This is our Interactive Learner. It was made as an assignment for the Artificial Intelligence course.
Compile all files, and run src/testing/EmailTester.java.
Compile all files, and run src/testing/BlogTester.java.
The list of stopwords as found in db/common-english-words.txt was found at http://www.textfixer.com/resources/common-english-words.txt
You can find our Multinomial Naive Bayes Classifier under src/classifier/MultinomialNaiveBayesClassifier.java.
Read the commentary in src/fileparser/FileUtils.java.
Just put the files in the correct directory. For example, if you want to add some female blogs as test set, move it to db/blogs/F/test. The new file will be used the next time you run the tester. For the e-mails, it wasn't given which ones to use as training, and which one as test sets, so by default, the first 10% are used as training set, and the others as test set, instead of using folders.
Of course! If for example you have some jokes, which can be classified as either good or bad, just put each classification in a different folder. Then, create a Java class in the src/testing package, for example called JokeTester.java. You can base your implementation on the existing classes in that package.
It can run on nearly any computer, but for optimal results, please keep the following in mind:
Java: Java 8, refer to https://www.java.com/sysreq for the minimal requirements for Java 8
RAM: 512 MB
Free Disk Space: 20 MB
There is no installation required. To run the classifier, see "How do I run the classifier?".

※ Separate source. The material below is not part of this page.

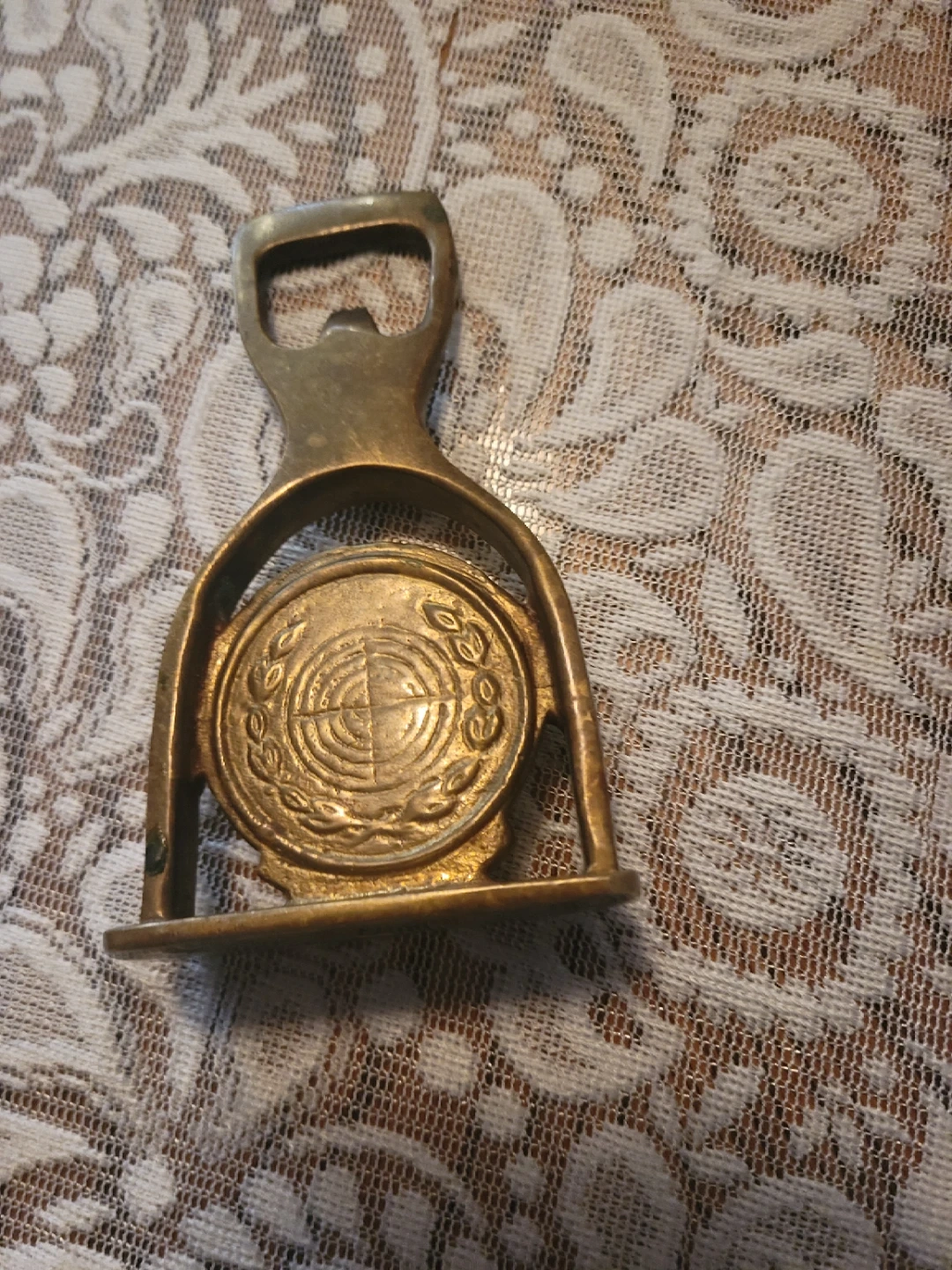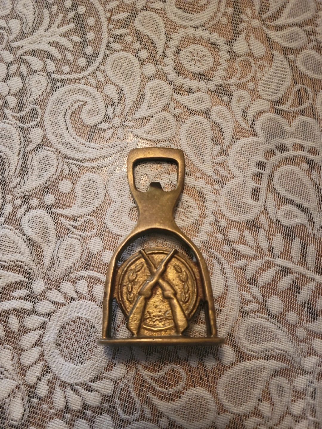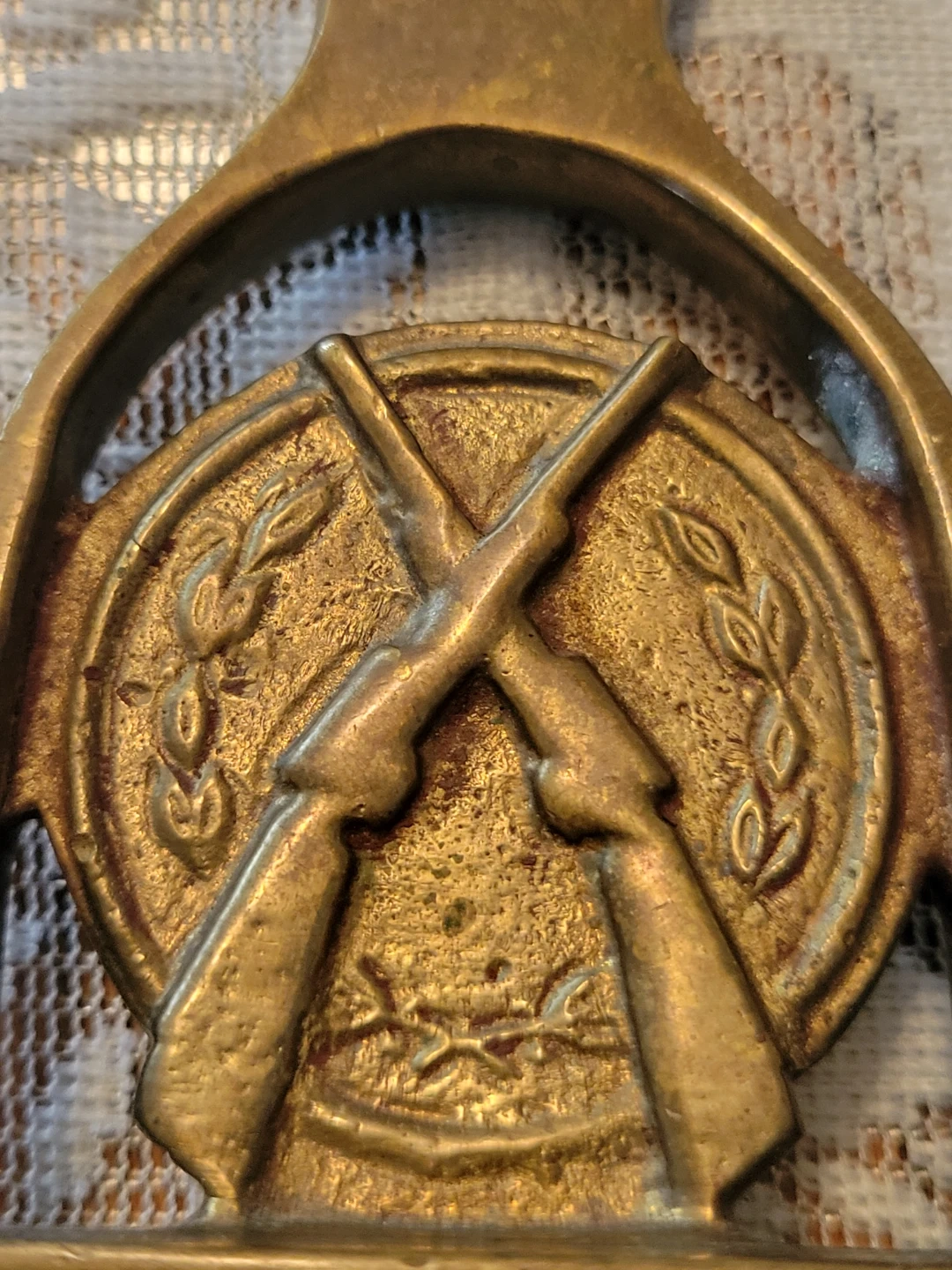 Vintage Brass Bottle Opener with Crossed Rifles Emblem w/ Target

Go to the build folder, and execute ApplierTUI.jar to open our TUI, ApplierGUI.jar to open our GUI, and BlogTester.jar to test the blogs and print the results
For emails: Ham: db/emails/ham/ Spam: db/emails/spam The classifier will automatically use the first 10% as trainingset, and the other 90% as testset. For blogs: Trainingset female: db/blogs/F/train Testset female: db/blogs/F/test Trainingset male: db/blogs/M/train Testset male: db/blogs/M/test Please note that the GUI and TUI use the blogs by default.
- Create a folder in db named jokes.
- Inside that folder, create a folder for each class, for example db/jokes/good and db/jokes/bad.
- Inside of each of those folders, create two folders named train and test.
- Put the documents you have in the appropriate folders.
- Backup the applier.obj in the root folder if there's any. Then delete it. This file is used to save classifications inbetween sessions.
- Open your favorite IDE. You will need to edit the source code for this to work.
- Make a copy of src/testing/BlogTester.java in that same folder and name it JokeTester.java.
- Open this file and change "public class BlogTester" to "public class JokeTester". Edit the lines that start with "tester." such that they point to the folders that you added. In case you added more than two classes, you will need to add some more "tester." lines.
- Optional: Edit the line "Tester tester = new Tester(new MultinomialNaiveBayesClassifier());". To use a Binomial classifier, change "Multinomial" to "Binomial". To use different options for feature selection than the default, optimized values, add 3 arguments between the brackets after "MultinomialNaiveBayesClassifier". The first argument is whether stop words should be filtered, the second to remove words that occur very frequently or almost never at all, and the third is to apply chi-square. In case all three need to be turned off, this would become: "Tester tester = new Tester(new MultinomialNaiveBayesClassifier(false, false, false));". In case we want to enable chi-square, but none of the others, we would make it: "Tester tester = new Tester(new MultinomialNaiveBayesClassifier(false, false, true));"
- Now, compile and execute JokeTester.java and wait a bit for the documents to be processed. Afterwards you should be able to see how many documents were correctly classified, and how many incorrectly.